*What you should do*. Nothing in the listing should be altered when it is copied, and no picture goes into the copy.
BEGIN Collected data
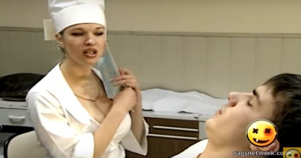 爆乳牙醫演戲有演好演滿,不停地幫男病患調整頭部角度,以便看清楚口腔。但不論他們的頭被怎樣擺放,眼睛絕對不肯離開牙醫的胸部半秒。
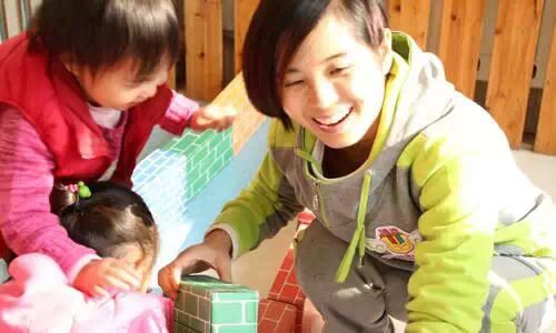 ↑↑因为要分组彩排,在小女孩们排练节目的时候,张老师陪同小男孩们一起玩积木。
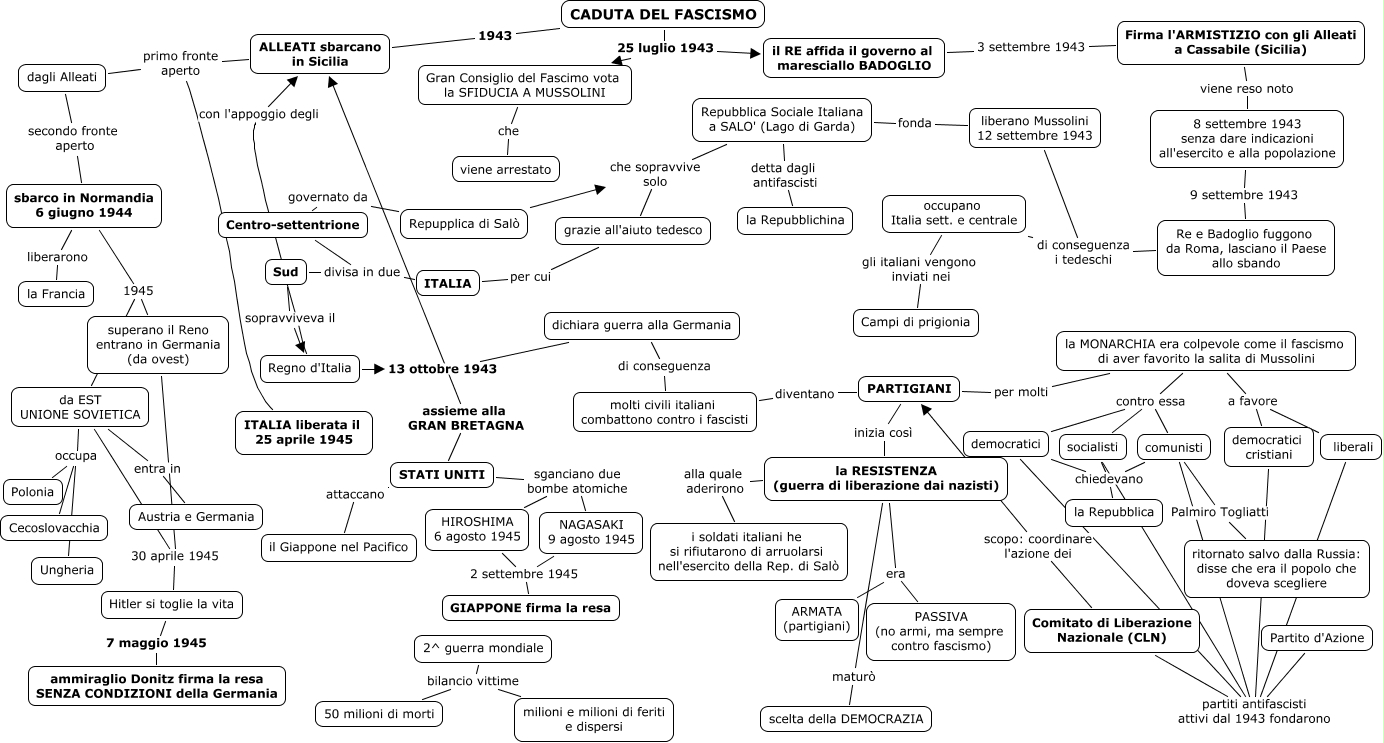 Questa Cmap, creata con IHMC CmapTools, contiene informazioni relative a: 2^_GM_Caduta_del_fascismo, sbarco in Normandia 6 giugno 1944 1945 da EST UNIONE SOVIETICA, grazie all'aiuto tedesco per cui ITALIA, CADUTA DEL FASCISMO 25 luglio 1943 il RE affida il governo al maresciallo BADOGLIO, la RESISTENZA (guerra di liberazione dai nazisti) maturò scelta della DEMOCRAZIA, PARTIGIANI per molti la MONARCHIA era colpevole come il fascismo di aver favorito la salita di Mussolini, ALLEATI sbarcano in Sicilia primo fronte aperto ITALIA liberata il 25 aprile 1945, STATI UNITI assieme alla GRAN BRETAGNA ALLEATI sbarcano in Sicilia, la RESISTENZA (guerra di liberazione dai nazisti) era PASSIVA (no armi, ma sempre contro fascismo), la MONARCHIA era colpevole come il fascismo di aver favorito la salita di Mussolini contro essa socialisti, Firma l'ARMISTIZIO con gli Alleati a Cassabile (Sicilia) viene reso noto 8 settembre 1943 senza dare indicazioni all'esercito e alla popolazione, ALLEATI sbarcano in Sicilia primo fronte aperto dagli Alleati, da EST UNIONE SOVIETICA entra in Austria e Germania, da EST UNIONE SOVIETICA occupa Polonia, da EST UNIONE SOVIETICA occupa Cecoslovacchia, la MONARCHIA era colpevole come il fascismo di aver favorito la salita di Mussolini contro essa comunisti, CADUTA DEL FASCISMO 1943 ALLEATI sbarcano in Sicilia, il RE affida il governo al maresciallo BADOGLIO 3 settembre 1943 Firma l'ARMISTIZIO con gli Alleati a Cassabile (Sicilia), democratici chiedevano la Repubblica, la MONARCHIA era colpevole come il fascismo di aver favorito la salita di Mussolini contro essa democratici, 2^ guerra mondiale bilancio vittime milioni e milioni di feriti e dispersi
END Collected data
*Solved exercise*.
 爆乳牙醫演戲有演好演滿,不停地幫男病患調整頭部角度,以便看清楚口腔。但不論他們的頭被怎樣擺放,眼睛絕對不肯離開牙醫的胸部半秒。
 ↑↑因为要分组彩排,在小女孩们排练节目的时候,张老师陪同小男孩们一起玩积木。
 Questa Cmap, creata con IHMC CmapTools, contiene informazioni relative a: 2^_GM_Caduta_del_fascismo, sbarco in Normandia 6 giugno 1944 1945 da EST UNIONE SOVIETICA, grazie all'aiuto tedesco per cui ITALIA, CADUTA DEL FASCISMO 25 luglio 1943 il RE affida il governo al maresciallo BADOGLIO, la RESISTENZA (guerra di liberazione dai nazisti) maturò scelta della DEMOCRAZIA, PARTIGIANI per molti la MONARCHIA era colpevole come il fascismo di aver favorito la salita di Mussolini, ALLEATI sbarcano in Sicilia primo fronte aperto ITALIA liberata il 25 aprile 1945, STATI UNITI assieme alla GRAN BRETAGNA ALLEATI sbarcano in Sicilia, la RESISTENZA (guerra di liberazione dai nazisti) era PASSIVA (no armi, ma sempre contro fascismo), la MONARCHIA era colpevole come il fascismo di aver favorito la salita di Mussolini contro essa socialisti, Firma l'ARMISTIZIO con gli Alleati a Cassabile (Sicilia) viene reso noto 8 settembre 1943 senza dare indicazioni all'esercito e alla popolazione, ALLEATI sbarcano in Sicilia primo fronte aperto dagli Alleati, da EST UNIONE SOVIETICA entra in Austria e Germania, da EST UNIONE SOVIETICA occupa Polonia, da EST UNIONE SOVIETICA occupa Cecoslovacchia, la MONARCHIA era colpevole come il fascismo di aver favorito la salita di Mussolini contro essa comunisti, CADUTA DEL FASCISMO 1943 ALLEATI sbarcano in Sicilia, il RE affida il governo al maresciallo BADOGLIO 3 settembre 1943 Firma l'ARMISTIZIO con gli Alleati a Cassabile (Sicilia), democratici chiedevano la Repubblica, la MONARCHIA era colpevole come il fascismo di aver favorito la salita di Mussolini contro essa democratici, 2^ guerra mondiale bilancio vittime milioni e milioni di feriti e dispersi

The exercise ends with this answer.